It definitely hasn't been easy to find info on this blower. Luckily, one of the only stickers left on the blower is the model sticker, which reads: "Model Number: 536.886540 Code: 421016285" and then has a Sears logo under that. Not sure if the 'code' part helps at all. I've found a manual online, which has been great, but I haven't had any luck on the shear bolts/spacers/nuts, which just have part numbers of '9524', '3943', and '1502', respectively. Any search I do only turns up pins for newer models. I'm starting to wonder if I should pull the bolts, measure them, and hope to find a pin with the same dimensions and shear strength.

Again, thanks for everyone's help with the belt!


----------



## JLawrence08648 (Jan 15, 2017)

Everybody had it right that $5 is a bargain and everyone on here wood have bought it for that price. Everyone had it right that a 2 stage blower doesn't do it with 2" of snow. This is where a single stage shines.

Never don't buy your belts at the automotive store. They will work but are the wrong size and angle on the sides, and are not layered as lawn and garden belts are thus not as strong. They are also what is called fractional belts.

Your auger belt may be slipping. A impeller kit would help throw the snow further.

Your machine was made by Murray. You can easily order belts over the internet, Jack's, Amazon, eBay.

The drive belt is 979932, auger belt 581264, shear bolts are 9524MA or 1501216MA.

You should start with the exact size belt, 4L (1/2") x 35", $7.49 eBay. My first preference for belts are from Pix, A&I, or D&D Power Drive, and I prefer the blue belts.


----------



## Dauntae (Nov 10, 2016)

you didn't see my post, Girl has a heavily modded version of the same blower, Instead of a 5/22 she has a 8.5/22 with headlight added but uses the same sheer bolts that I linked above.


----------



## Jatoxico (Jan 6, 2018)

So the owner's manual can be viewed or downloaded here:

https://www.searspartsdirect.com/pa...36886540-craftsman-parts-manual?manualIndex=0

Any part number can be used to find the current part or equivalent replacement which will now be MTD I believe.

I have a very similar machine (8/26) and it is pretty hefty.
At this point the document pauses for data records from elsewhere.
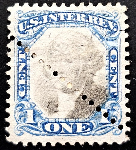 R117 70c Second Issue, Blue & Black, George Washington, U.S. Revenue Stamp, 1871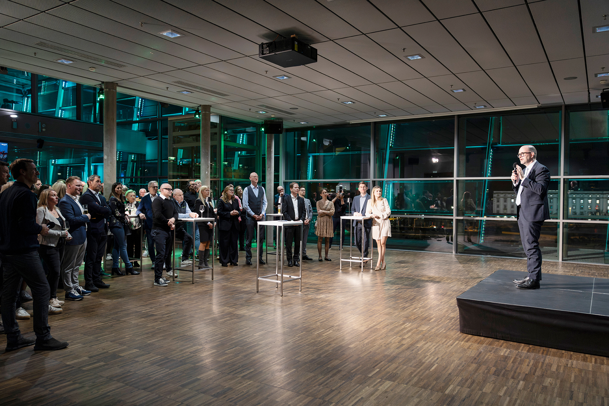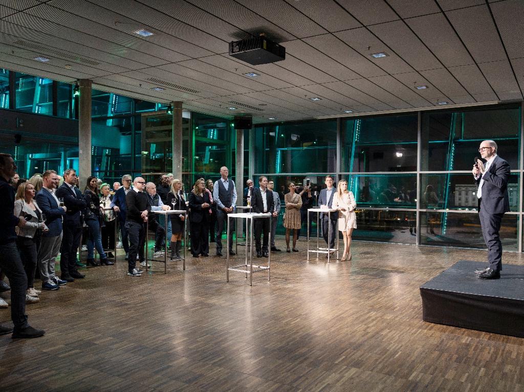 Bürgermeister Dietmar Prammer begrüßte die 100 Gäste, die die Eröffnung des neuen Restaurant Qube im obersten Stock des Ars Electronica Centers feierten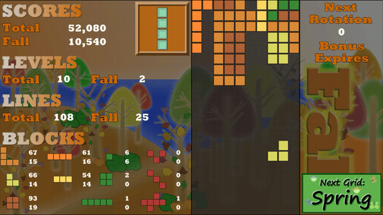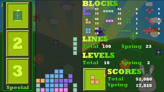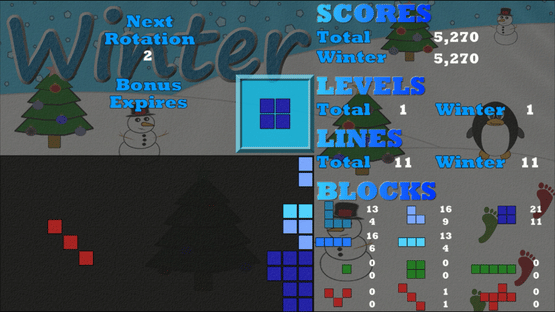 Whirlygig is a block building game which consists of 4 unique grids - Fall, Winter, Spring, and Summer. Blocks move upward in Fall, to the right in Winter, downward in Spring, and to the left in Summer. Every 5 turns, a new grid is randomly selected as the next grid to play in. Game level, speed, and scores increase as you destroy more rows of blocks. Build and destroy until the Whirlygig becomes too fast to handle.
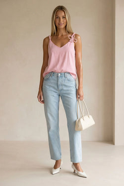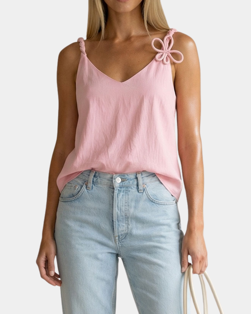 Add a touch of whimsy to your everyday rotation with this delightful tank top. The standout twisted flower detail brings dimension and personality, while the soft, breathable woven fabric keeps comfort front and center.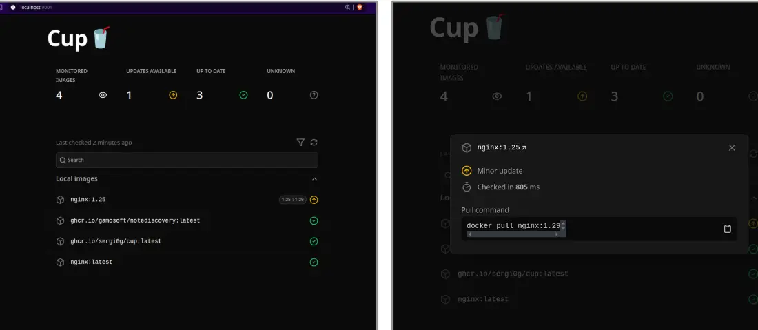 Cup might be the fastest update checker on this list. It claims to scan 58 images in 3.7 seconds on a Raspberry Pi 5!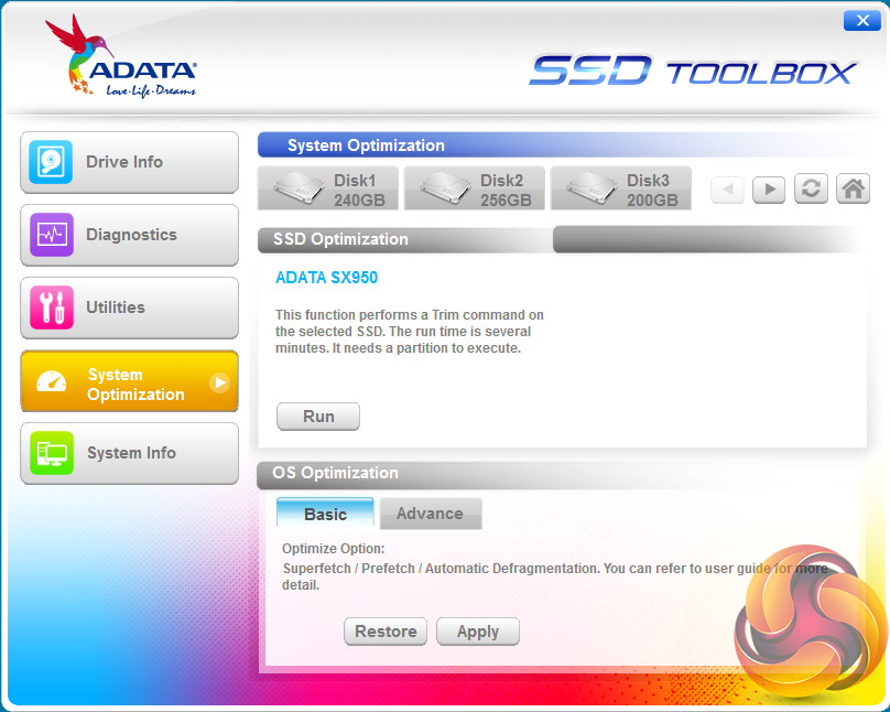 The system optimisation page allows for some OS settings to be changed using two settings Basic or Advanced. Basic options include changing Superfetch, Prefetch, and Automatic Defrag settings.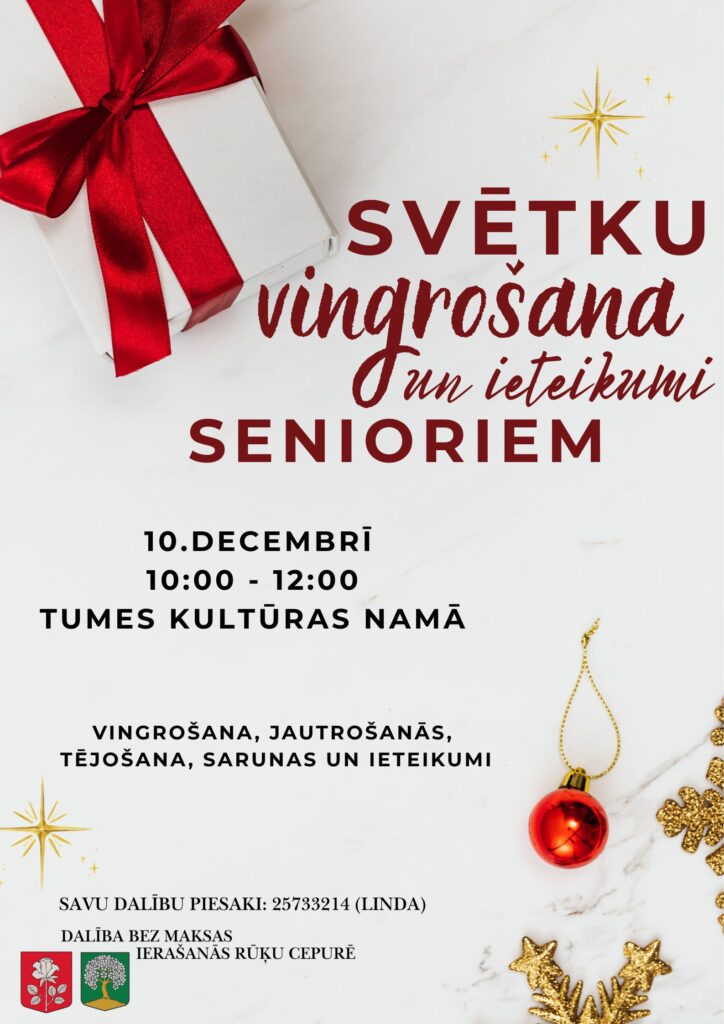 10.decembrī plkst.10:00 notiks šī gada noslēdzošā vingrošana, kuras laikā ne tikai vingrosim, bet arī būsim kopā jautrojoties, malkojot tēju. Pasākums ir bez maksas. Lūgums ierasties rūķu cepurēs, lai kopīgi radītu svētku noskaņojumu! Savu dalību pasākumam piesaki pa tel.nr. 25733214 (Linda) Pasākuma laikā tiek veikta fotogrāfēšana un filmēšana. Iegūtie materiāli tiks izmantoti pasākuma atspoguļošanai un popularizēšanai Lasīt tālāk

Confusing who the orig manufacturer is since they have been bought. sold & combined. Murray is now owned by MTD.


----------



## Lostfile (Feb 5, 2018)

Dauntae said:


> you didn't see my post, Girl has a heavily modded version of the same blower, Instead of a 5/22 she has a 8.5/22 with headlight added but uses the same sheer bolts that I linked above.


Awesome! Thanks for the links!



JLawrence08648 said:


> Everybody had it right that $5 is a bargain and everyone on here wood have bought it for that price. Everyone had it right that a 2 stage blower doesn't do it with 2" of snow. This is where a single stage shines.
> 
> Never don't buy your belts at the automotive store. They will work but are the wrong size and angle on the sides, and are not layered as lawn and garden belts are thus not as strong. They are also what is called fractional belts.
> 
> ...


Great info, thanks! I've looked at a few videos of the impeller kit and might end up trying that in the future.


----------